Drug delivery systems are intended to deliver well controlled amounts of drug between the minimum effective level and the toxic level during a predetermined time interval [7]. Control of burst effect is essential either to avoid toxicity or to ensure immediate action at the targeted location (as in the case of antibiotics [38]). These are the reasons why the factors that affect the release rate should be considered when designing a new fiber drug delivery system:

  • Fiber construct geometry (fiber mats or multilayers) and thickness: the drug deposited in single layers is released faster than from multilayers either because the drug layers are intercalated with non-drug layers that function as barrier to drug release [39] or because the inner layers are not equally exposed to the release medium [40]

  • Fiber diameter and porosity: a thinner or more porous fiber implies a bigger surface and consequently accelerates the release [41]. However, thicker, but more porous fibers release drug faster than thinner, less porous fibers [42]

  • Fiber composition: the choice of a degradable polymer will allow release control through a hydrolytic [40] or enzymatic mechanism [36]. Besides, blending various components leads to modulating release capacity [42] either by improving fiber wetting properties (using hydrophilic polymers [43, 44]) or aiding incorporation of drug. In this case, it is possible to avoid burst effect by blending polymers with amphiphilic copolymers which can be compatible with both the drug and the initial incompatible polymer [38]

  • Fiber crystallinity: initial polymer crystallinity influences the drug release (it blocks the release of the drug from the crystalline domains due to limited water uptake). When the release of drug from the amorphous domains or from the fiber surface is finished, no more drug is released [45]. Moreover, there is an increase in crystallinity during drug release (the drug works as a plasticizer, the polymer chains gain more mobilility and as it is leached out, they crystallize), which decreases the release of residual drug [46]

  • Fiber mat swelling: water uptake by fibers or by the (macro)pores created between fibers will speed up drug release [47] as the dissolution of drug molecules is the initial step in the release process [48]

  • Drug loading: higher loadings will produce faster release ([41, 46, 47, 49, 50]); on one hand, at high loadings, there is more surface segregated drug that dissolves fast and on the other hand, there is an increase in porosity during drug elution proportional to the initial amount of drug [46, 41]

  • Drug state: in general, drug release was shown to be more sustained, when drug is incorporated in amorphous state [50, 51], than when drug is loaded in crystalline state [52]. Moreover, it was shown that, even when the drug is in amorphous state, the drug release was faster from the solid solution than from the amorphous dispersion [53]

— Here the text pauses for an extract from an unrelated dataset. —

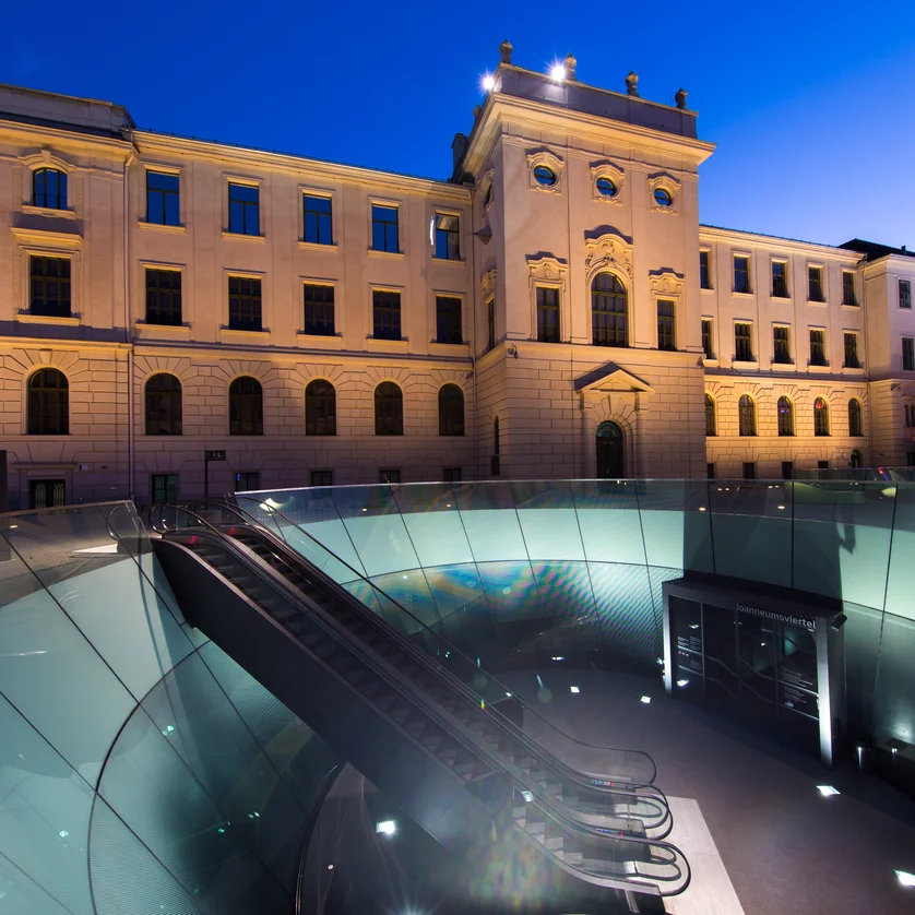 Modernes Gebäude mit Glas-Design und Aufgängen in Graz. | © Graz Tourismus - Harry Schiffer

  • Drug molecular weight: drugs with smaller volumes will be released faster since they diffuse faster through the aqueous pores created by the water uptake in the fiber [42, 54]

  • Drug solubility in the release medium: usually, the higher drug solubility, the faster the release [42]

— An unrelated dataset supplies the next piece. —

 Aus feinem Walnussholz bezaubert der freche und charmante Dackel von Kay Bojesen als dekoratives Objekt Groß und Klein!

  • Drug–polymer–solvent interaction: solubility and compatibility of drugs with the polymer and/or the electrospinning solvent is essential since it ensures proper drug incorporation inside the fibers and not on the fiber surface [35, 47, 36]. Phase separation between the drug and polymer will produce amorphous or crystalline drug at the fiber surface leading to faster release [55]. Moreover, the interaction between drug and the polymer can block the crystallization of the drug in the fibers, if so desired [53] and can even determine sustained release of drugs that are present in crystalline state because of hydrogen bonding to the polymer [54]

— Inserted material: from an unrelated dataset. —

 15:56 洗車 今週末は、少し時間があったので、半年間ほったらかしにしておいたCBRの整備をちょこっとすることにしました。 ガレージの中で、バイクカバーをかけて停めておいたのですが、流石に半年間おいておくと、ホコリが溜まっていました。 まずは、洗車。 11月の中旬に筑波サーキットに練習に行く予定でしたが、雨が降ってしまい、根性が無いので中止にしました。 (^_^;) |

However, in order to predict the outcome of drug release from fibers, it is important to consider the interaction among the various factors in such a complex system. We have already discussed how the drug state controls drug release. However, sometimes high drug loadings are needed for long term applications. Usually, at high loads, the drug will crystallize and/or phase-separate from the polymer and form conglomerates that will produce a heterogeneous distribution of the drug inside the fibers [35, 56] or deposition on the fiber surface [55]. Thus, in long term release applications where high amounts of loaded drug are required, a compromise must be found between loading and release rate that change in contrary directions [57]. Careful consideration should also be paid when selecting best pair of polymer and drug, although some applications require material properties that may not match in terms of compatibility the drugs used in the treatment of the targeted diseases.

2.3 Release Modeling

As summarized in Table 1, a multitude of drug/biomolecules loaded fibers have already been produced. They have been produced either from polymers (synthetic and natural) or inorganic compounds. Most of the release mechanisms were attributed to drug diffusion (as it is the case for most non-biodegradable, non-erodible polymers), solvent diffusion (as in the case of natural polymers that are usually hydrophilic [58]), polymer erosion (as in the case of erodible (bio)polymers [53, 54]), polymer degradation (as for hydrolytic or enzymatic degradable polymers) or external triggers (like a magnetic field). In the release system governed by drug diffusion, one has to consider two cases, one in which the diffusion takes place through the bulk of polymer (bulk diffusion) or through a membrane/layer (barrier diffusion, similar to the reservoir devices as in the case of core–shell fibers, composite fibers or multilayered constructs). There are cases in which several mass transport mechanisms superpose. However, in most cases, there is only one that is the “rate-limiting” step. For example, in the case in which diffusion is coupled with chemical reaction (in most cases, hydrolysis), if diffusion is faster than the chemical reaction, then mass transfer is controlled by the polymer degradation [59] and when diffusion is not much faster than reaction, then diffusion and degradation superpose [40]. In some systems, the release process is composed of sequential stages, with each stage being controlled by a different phenomenon. For example, in the first stage you can have the drug release controlled by the polymer erosion and subsequent diffusion, followed by polymer degradation control stage [60].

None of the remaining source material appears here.